First antigen rapid test for COVID-19 gets Canadian approval

Procurement Minister Anita Anand said Canada signed a contract with Abbott to get 8.5 million Panbio tests by the end of the year, and has an option for 12 million more in 2021. She said buying the second allotment will happen only if the government finds the tests have proven to be helpful in Canada.

All of the tests previously approved by Health Canada are polymerase chain reaction tests, or PCR, which search for the presence of the virus’s genetic material. Most of those tests have to be completed in a laboratory, after a sample is taken from a patient. Canada has approved three rapid versions that can be analyzed on site and don’t need a laboratory.

That includes the ID Now test from Abbott Diagnostics in the United States, which Health Canada approved last week. The federal government has a contract to buy 7.9 million of them. The first shipment is set to arrive next week and 2.5 million are expected by the end of December.

Health Canada will distribute the tests to the provinces and territories, based on an agreement to ensure equitable distribution that takes into account what provinces need.

Health Canada approved Cepheid’s GeneXpert last spring. It produces results in less than an hour and has been deployed in small numbers to remote northern communities in Manitoba, Quebec and Nunavut.

The BCube from Hyris was approved in September, and the company reports being in talks with Canadian buyers in both the public and private sectors. It produces a result in about 90 minutes.

Deputy chief public health officer Dr. Howard Njoo said the public health guidance for how antigen tests can be used in Canada is coming soon, but that in general, they are used to complement the existing lab tests, not replace them.

A work camp or a meat-packing plant where workers need to be regularly tested to prevent a massive outbreak, would be examples of where they could be used, said Njoo. Schools, long-term care facilities, and hospitals are other locations mentioned as potential locations for rapid tests to be deployed.

Those suggestions mimic the recommendations made by the World Health Organization for antigen tests in September. Early in the pandemic, the WHO warned antigen tests should not be used outside of research settings, but in September issued guidance for clinical use as well.

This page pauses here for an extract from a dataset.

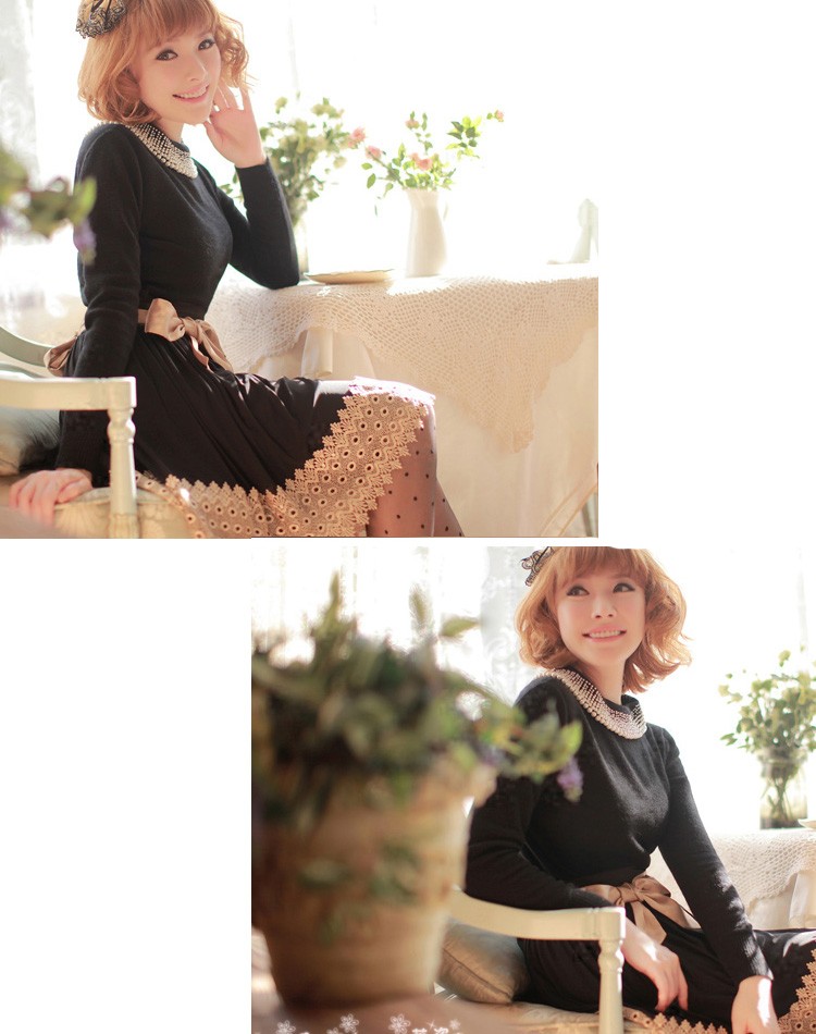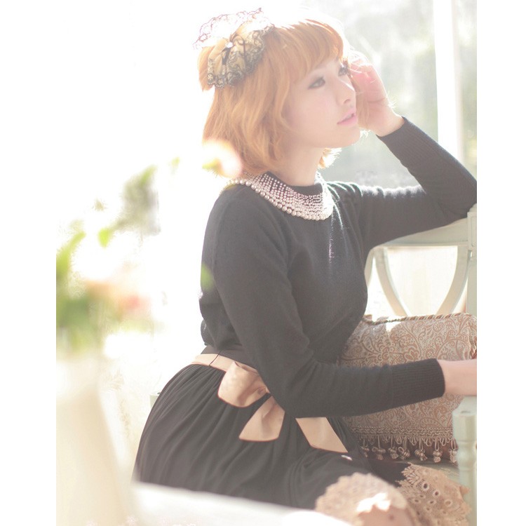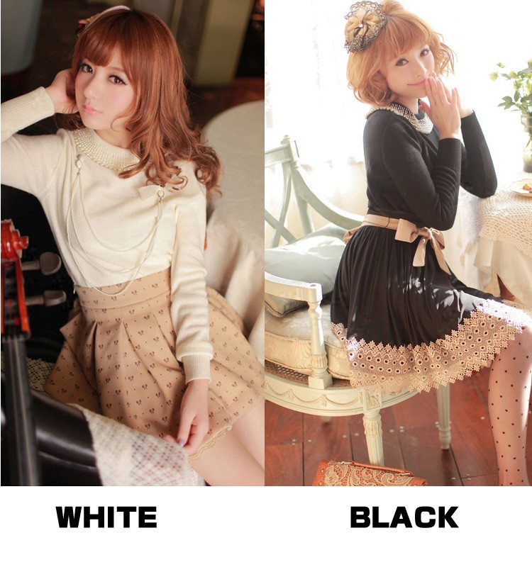 『決算セール在庫限りのみ』『メール便送料無料』フェミニンムード満点なパール付きニット ニット レディース パール付き(ブラック・ホワイト)『セール品のため交換返品不可、メール便発送のため、日時指定不可』

The WHO is also buying and distributing 120 million antigen rapid tests to low and middle-income countries, with the Panbio test among those it intends to buy.

Conservative health critic Michelle Rempel said Tuesday the Canadian government lacks a strategy to use the rapid tests to help ease the long waits for testing and disruptions to people’s lives.

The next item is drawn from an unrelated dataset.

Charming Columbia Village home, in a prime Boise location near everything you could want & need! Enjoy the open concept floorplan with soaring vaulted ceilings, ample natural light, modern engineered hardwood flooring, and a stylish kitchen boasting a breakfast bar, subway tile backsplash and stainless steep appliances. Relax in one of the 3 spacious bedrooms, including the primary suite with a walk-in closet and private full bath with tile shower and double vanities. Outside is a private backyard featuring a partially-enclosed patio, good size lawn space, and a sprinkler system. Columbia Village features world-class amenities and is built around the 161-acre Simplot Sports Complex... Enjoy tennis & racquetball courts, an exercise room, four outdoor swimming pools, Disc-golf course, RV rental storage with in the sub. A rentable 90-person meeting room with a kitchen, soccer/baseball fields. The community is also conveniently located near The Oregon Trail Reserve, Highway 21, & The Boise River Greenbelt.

It is not clear when the rapid tests will be put to use in Canada, only that the first ID Now tests are to arrive at a Canadian warehouse from the United States next week.

The ID Now tests came under some scrutiny in the United States over the weekend when it was revealed they were used at the White House to test staff almost daily, whether they had symptoms or not.

The White House is now the site of an outbreak of COVID-19 that has affected President Donald Trump, his wife Melania, and multiple members of his staff.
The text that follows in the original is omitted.